Long-term water entry impact force forecasting using LSTM-RF with recursive prediction strategy
作者:Xinyu Wu, Xiaoyi Li, Chang Yuan, Donghai Zeng, Jianxing Zhang, Baoren Li, Gang Yang · 发表于:Ships and Offshore Structures · 年份:2025 · DOI:10.1080/17445302.2025.2517375 · 被引用次数:3 · 研究领域:Tropical and Extratropical Cyclones Research、Fluid Dynamics Simulations and Interactions、Hydrological Forecasting Using AI
Transient impact forces during water entry critically affect structural safety and entry motion stability. This study proposes an LSTM-RF fusion model for rapid prediction of initial-stage water impact loads.
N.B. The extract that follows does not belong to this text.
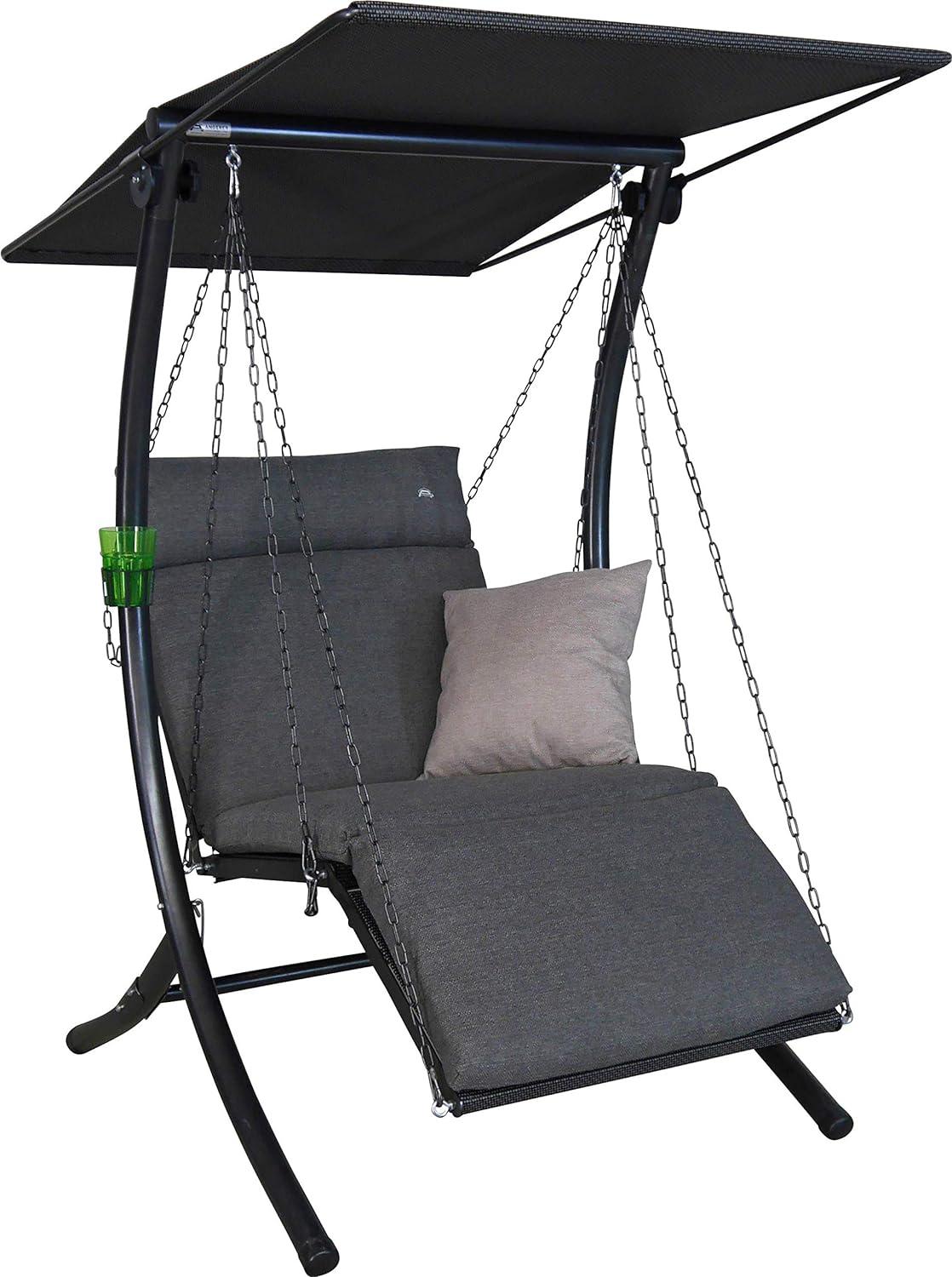 Die Hollywoodschaukel 1-Sitzer Swing Smart stone von Angerer ist ideal für Balkon, Terrasse oder kleine Gärten. Die Sitzbespannung aus Primetex Gewebe passt sich der Körperkontur an und sorgt für hohen Komfort. Das verzinkte Stahlgestell mit kratzunempfindlicher Pulverbeschichtung garantiert Langlebigkeit. Die Lehne ist neigungsverstellbar und kann zu einer Liegefläche abgeklappt werden. Das wetterfeste Sonnendach bietet optimalen Sonnenschutz. Die Schaukel ist belastbar bis ca. 120 kg und hat eine Standfläche von ca. 100 x 145 cm. **Highlights** - Perfekt für Balkon, Terrasse oder kleinen Garten - Sitzbespannung aus Primetex Gewebe für optimalen Komfort - Verzinktes Stahlgestell mit kratzunempfindlicher Pulverbeschichtung - Einfacher Aufbau dank vormontierter Teile - Verstellbares Sonnendach für optimalen Sonnenschutz **Produkteigenschaften** - Bequemer, ergonomisch geformter Sitz und komfortables Fußteil - Bezüge aus weichem und hochwertigem Polyesterstoff - Neigungsverstellbares Sonnendach aus wetterfestem Primetex Gewebe - Lehne neigungsverstellbar und zu Liegefläche abklappbar - Belastbarkeit: ca. 120 kg - Standfläche: ca. 100 x 145 cm - Höhe: ca. 160 cm - Zur Selbstmontage, inklusive Montageanleitung - Made in Germany **Lieferumfang** - Hollywoodschaukel 1-Sitzer Swing Smart stone - Sitzauflage - Sofakissen - Montageanleitung
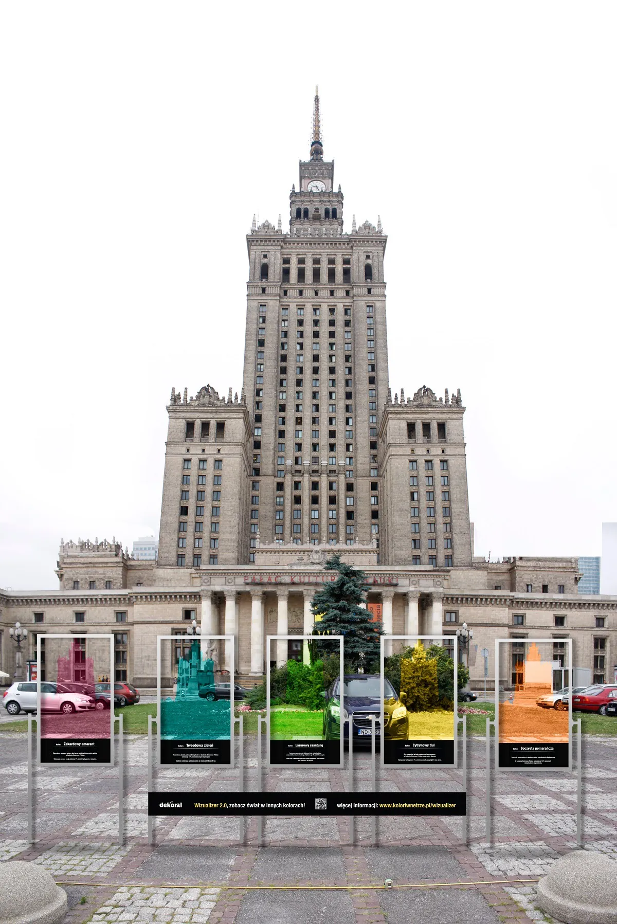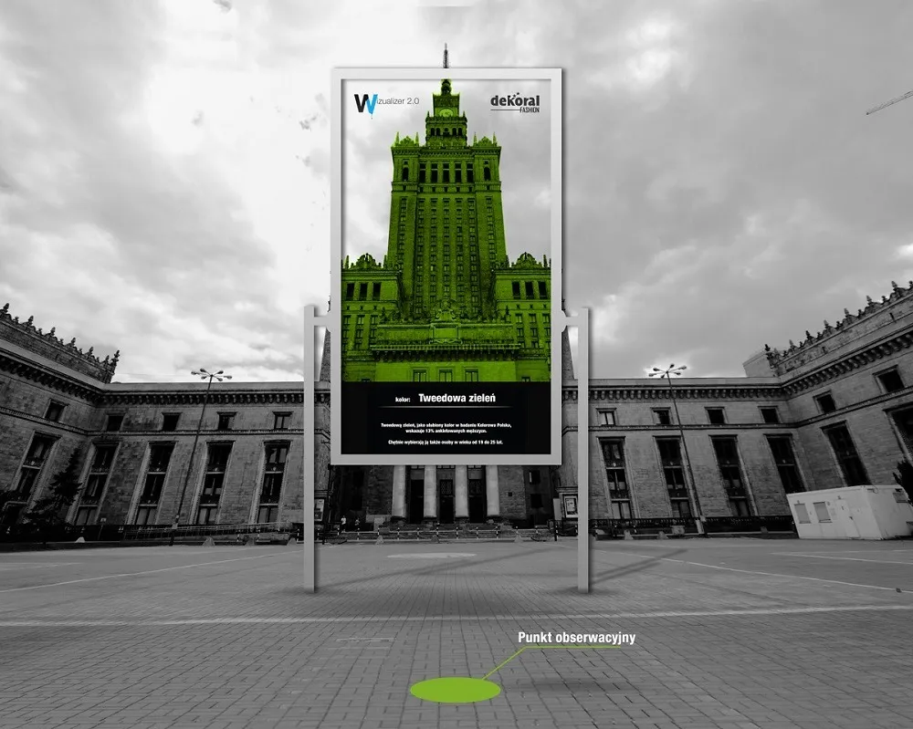 Dekoral przygotował niestandardową akcję promocyjną właśnie z myślą o aplikacji Wizualizer 2.0 Dekoral. Podczas ambientu trwającego w dniach 30 i 31 sierpnia (weekend) Dekoral „przemaluje” Pałac Kultury i Nauki w Warszawie na 5 kolorów. Instalacja przygotowana przez firmę Dekoral będzie umożliwiała zobaczenie jak PKIN wygląda w 1 z 5 kolorów pochodzących z palety Dekoral. W instalacji prezentowane będą informacje odnośnie wybranych kolorów nawiązujące do ogólnopolskiej akcji badawczej Kolorowa Polska zrealizowanej przez Dekoral Fashion, eksperta numer 1 w dziedzinie kolorów na polskim rynku.

Leveraging numerical simulation data, an LSTM network with recursive strategy predicts long-term impact loads, while a Random Forest algorithm compensates for prediction errors, enhancing accuracy and generalization. Results demonstrate significant improvements over conventional LSTM: Mean Absolute Error, Root Mean Square Error, and Relative RMSE decrease by 60%, 54%, and 44% respectively, with peak prediction errors consistently below 10.5%. Computational efficiency increases dramatically – execution time reduces from 8 hr 42 min to 2 min 34 s. The model maintains predictive accuracy while substantially reducing computational costs.